Monday, September 1, 2014

Book questions assumptions about earthworms

By Gary Sliworsky,
Ag rep, Emo

Earthworms are good, right?
Well, the following article by Anne Verhallen, soil management specialist with the Ontario Ministry of Agriculture, Food and Rural Affairs, outlines that it may depend upon where they are found:
A new earthworm book by Dr. Cindy Hale of the University of Minnesota questions our assumptions about earthworms and the good they do.
Ontario farmers and gardeners recognize earthworms, particularly the dew worm, as a sign of healthy, active soil. However, our earthworms are not native to Ontario; the last glacier wiped them out.
The forested area of the Great Lakes developed without earthworms.

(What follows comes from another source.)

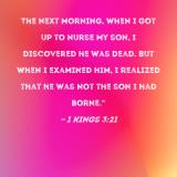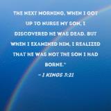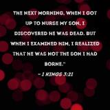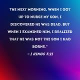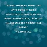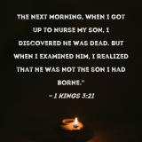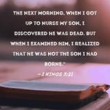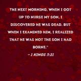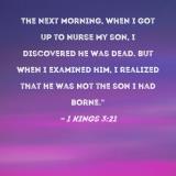 The next morning, when I got up to nurse my son, I discovered he was dead. But when I examined him, I realized that he was not the son I had borne."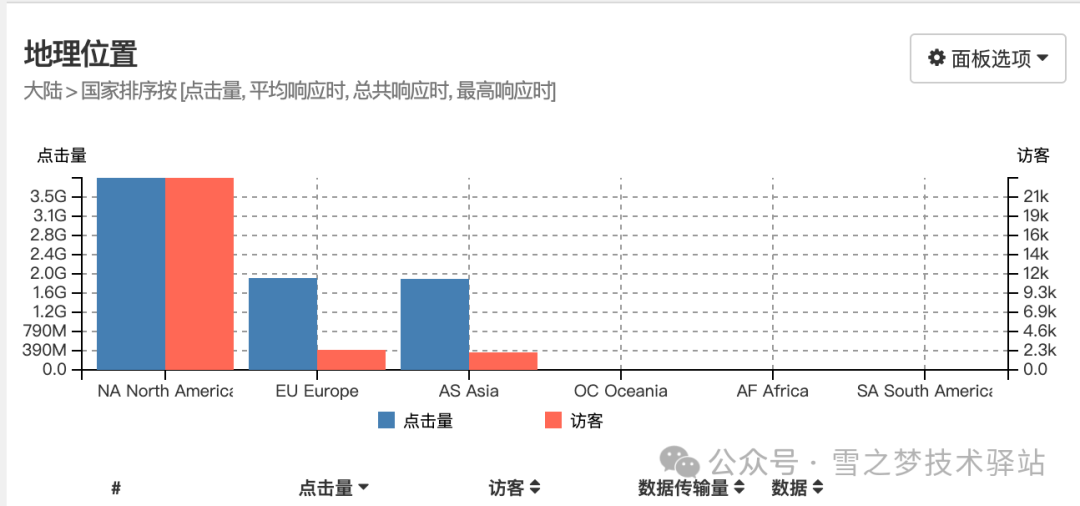 地理位置按照点击量排序,北美和欧洲的点击量惊人,都是爬虫的杰作.

Our current population of earthworms was brought here by pioneers and immigration, mostly from Europe.
Earthworms do help to decompose organic matter, cycle nutrients, stabilize aggregates, and, particularly in the case of dew worms, improve air and water drainage. These are all important for farm fields.
However, in the forested areas, their ability to feed on leaf litter and other organic residues on the soil surface is destructive.
Recreational fishing gets much of the blame. Leftover bait earthworms are dumped on the side of streams and rivers, allowing the earthworms access to the forested areas and the large amounts of leaf litter on the forest floor.
Hale’s book, “Earthworms of the Great Lakes,” looks at earthworms in the ecosystem and features beautiful colour pictures to help key out which earthworm you are looking at.
The book is an interesting discussion and a good reference on earthworm life cycle, feeding activity, and species.
For more information on invasive earthworms, check out http://greatlakeswormwatch.org/
Or if you are interested in getting a copy of the book, visit http://greatlakeswormwatch.org/educator/book.html
Some earthworm facts:
•Canadian bait worm exports to the U.S. are valued at roughly $110 million per year;
•There are no native earthworms in Ontario, the glaciers wiped out all the native earthworms about 10,000 years ago;
•Earthworms can move and colonize a field at the rate of just over 1.5 metres (five feet) a year;
•Earthworms were named the most successful species in the history of the world, based upon geographic spread, impact on ecology, and diversity;
•Once hatched, earthworms take 50-75 weeks to reach maturity; and
•Earthworms breathe through their skin.